The User Experience of waiting for the bus

How information is presented affects people’s perceptions, and ultimately their experience of performing a task. I had a great example of this yesterday morning. It started, as my day’s too often do, with an early start and a rush for the train…

To get to the train station, I get the bus. One of the best thing’s about Brighton and Hove’s bus service is that the stops have electronic information boards, showing the next few buses due to arrive, and the time they will take. They look like this:

Bus Timetable

Simple, right?


Having grown up in a relatively rural area, where buses can often fail to turn up, I found these boards amazing. Not only do they tell you when the bus is coming, but crucially, they also reassure you that the bus is coming. No more waiting for a bus that may never turn up, especially given how unreliable bus services can be, and helps lessen my concern that I won’t make the train on time.

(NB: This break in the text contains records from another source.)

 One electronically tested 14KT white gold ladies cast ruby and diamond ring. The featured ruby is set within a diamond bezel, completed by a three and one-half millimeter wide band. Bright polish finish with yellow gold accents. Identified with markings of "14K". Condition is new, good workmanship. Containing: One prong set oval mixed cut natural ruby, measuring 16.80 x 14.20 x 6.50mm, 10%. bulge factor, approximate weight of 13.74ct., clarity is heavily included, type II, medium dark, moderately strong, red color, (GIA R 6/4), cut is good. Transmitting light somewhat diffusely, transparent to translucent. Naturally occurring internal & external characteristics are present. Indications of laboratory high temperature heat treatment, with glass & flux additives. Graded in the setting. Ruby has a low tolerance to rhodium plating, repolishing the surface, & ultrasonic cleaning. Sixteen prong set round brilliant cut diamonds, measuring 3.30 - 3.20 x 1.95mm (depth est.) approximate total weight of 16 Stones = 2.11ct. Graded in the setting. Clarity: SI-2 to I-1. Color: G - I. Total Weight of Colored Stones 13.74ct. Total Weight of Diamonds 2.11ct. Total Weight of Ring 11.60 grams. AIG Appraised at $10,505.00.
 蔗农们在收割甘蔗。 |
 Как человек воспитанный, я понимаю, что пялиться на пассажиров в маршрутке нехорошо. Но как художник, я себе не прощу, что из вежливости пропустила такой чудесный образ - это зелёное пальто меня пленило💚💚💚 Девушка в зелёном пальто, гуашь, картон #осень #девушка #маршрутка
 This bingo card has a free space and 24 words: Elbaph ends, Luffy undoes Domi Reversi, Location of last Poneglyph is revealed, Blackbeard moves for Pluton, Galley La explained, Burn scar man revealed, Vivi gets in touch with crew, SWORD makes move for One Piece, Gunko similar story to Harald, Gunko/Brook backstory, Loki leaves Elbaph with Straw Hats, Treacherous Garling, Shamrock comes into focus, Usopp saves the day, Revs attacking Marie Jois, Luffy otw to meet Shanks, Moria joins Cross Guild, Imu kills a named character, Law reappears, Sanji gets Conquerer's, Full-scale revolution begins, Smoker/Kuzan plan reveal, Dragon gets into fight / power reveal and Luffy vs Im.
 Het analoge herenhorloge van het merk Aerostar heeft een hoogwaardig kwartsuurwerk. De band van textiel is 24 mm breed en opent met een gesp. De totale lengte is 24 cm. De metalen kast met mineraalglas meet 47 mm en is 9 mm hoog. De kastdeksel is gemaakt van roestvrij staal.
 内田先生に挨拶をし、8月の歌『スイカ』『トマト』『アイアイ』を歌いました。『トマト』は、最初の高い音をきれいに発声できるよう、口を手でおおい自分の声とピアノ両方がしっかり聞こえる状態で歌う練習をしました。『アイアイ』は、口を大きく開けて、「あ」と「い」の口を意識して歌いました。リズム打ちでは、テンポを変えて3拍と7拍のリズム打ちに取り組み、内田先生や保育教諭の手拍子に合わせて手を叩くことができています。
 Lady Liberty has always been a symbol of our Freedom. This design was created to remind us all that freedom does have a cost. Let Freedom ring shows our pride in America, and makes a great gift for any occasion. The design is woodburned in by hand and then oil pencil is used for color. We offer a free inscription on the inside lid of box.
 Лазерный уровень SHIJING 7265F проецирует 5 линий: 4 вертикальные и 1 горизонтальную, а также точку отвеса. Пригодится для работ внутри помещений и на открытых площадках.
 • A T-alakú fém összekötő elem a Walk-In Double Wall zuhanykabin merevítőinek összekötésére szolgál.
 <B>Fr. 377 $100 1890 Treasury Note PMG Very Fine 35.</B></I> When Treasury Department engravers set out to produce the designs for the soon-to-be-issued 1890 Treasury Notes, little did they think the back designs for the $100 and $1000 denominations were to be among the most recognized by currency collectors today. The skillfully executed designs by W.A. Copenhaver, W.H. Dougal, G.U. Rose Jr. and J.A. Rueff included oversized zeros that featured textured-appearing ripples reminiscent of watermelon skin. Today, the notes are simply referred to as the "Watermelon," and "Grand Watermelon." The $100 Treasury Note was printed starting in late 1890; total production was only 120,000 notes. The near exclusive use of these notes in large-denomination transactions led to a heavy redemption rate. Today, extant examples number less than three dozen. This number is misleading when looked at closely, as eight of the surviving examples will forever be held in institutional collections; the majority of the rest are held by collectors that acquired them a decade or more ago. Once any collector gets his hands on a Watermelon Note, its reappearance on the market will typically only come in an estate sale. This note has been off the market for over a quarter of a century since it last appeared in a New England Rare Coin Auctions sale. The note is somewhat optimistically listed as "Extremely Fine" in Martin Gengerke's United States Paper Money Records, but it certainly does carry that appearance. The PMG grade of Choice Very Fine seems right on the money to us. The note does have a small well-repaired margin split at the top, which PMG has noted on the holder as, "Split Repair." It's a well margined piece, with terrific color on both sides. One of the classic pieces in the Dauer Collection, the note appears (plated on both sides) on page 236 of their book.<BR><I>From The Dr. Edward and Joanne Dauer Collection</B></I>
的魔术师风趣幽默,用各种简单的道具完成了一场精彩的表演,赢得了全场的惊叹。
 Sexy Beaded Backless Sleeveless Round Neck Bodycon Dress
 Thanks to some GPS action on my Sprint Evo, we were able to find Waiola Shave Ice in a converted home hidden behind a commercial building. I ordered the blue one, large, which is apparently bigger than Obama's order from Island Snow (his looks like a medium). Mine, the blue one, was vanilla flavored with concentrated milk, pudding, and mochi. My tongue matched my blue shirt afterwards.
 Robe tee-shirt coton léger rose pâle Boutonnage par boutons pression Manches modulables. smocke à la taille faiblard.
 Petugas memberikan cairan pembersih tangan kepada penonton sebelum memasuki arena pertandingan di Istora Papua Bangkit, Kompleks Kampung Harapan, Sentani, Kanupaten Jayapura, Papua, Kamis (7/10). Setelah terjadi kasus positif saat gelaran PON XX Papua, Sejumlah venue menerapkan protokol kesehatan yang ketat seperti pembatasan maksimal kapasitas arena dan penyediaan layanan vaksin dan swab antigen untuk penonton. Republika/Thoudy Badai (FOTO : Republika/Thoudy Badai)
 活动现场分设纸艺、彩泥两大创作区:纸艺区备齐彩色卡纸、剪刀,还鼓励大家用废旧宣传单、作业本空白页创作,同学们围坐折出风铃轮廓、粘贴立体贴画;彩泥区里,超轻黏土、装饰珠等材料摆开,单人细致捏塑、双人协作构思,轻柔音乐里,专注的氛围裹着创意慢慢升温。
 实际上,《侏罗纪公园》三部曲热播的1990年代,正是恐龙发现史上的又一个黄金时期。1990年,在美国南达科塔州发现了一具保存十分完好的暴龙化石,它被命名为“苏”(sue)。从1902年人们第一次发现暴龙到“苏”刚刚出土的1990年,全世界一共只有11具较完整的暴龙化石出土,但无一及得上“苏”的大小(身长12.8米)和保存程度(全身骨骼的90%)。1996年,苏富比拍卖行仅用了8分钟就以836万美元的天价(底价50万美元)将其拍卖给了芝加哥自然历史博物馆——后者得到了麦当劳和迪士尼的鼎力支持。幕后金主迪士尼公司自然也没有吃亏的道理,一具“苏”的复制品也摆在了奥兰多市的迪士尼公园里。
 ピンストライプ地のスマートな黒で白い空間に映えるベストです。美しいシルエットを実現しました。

So, it’s amazing how different my experience is when the bus times are displayed like this, as they were yesterday:

Bus Timetable

Slightly less simple?

Just by displaying the arrival time as a time, rather than the time remaining, causes my perception of the information to radically alter. I worry:

  • Is the bus coming at that time, or is that just the scheduled time
  • Does this account for any delays the bus is encountering
  • Essentially, is this information up to date and accurate.

By displaying it as a time, the timetable loses the impression that the information presented is live, rather than just reciting pre-input data, despite essentially communicating the same information – when the bus will arrive.

This shows that how data is presented affects people’s perceptions of the information, and essentially their user experience. This can be exploited, and often is, when presenting information with an agenda. Want data to look scary? Present it on a graph with small gaps between the axis, making any change look huge. Want the same data to look nice? Change the axis values.

Pac Man Graph

A non-scary graph

So, keep in mind when presenting data, that how you present it can often be equally important to the data itself.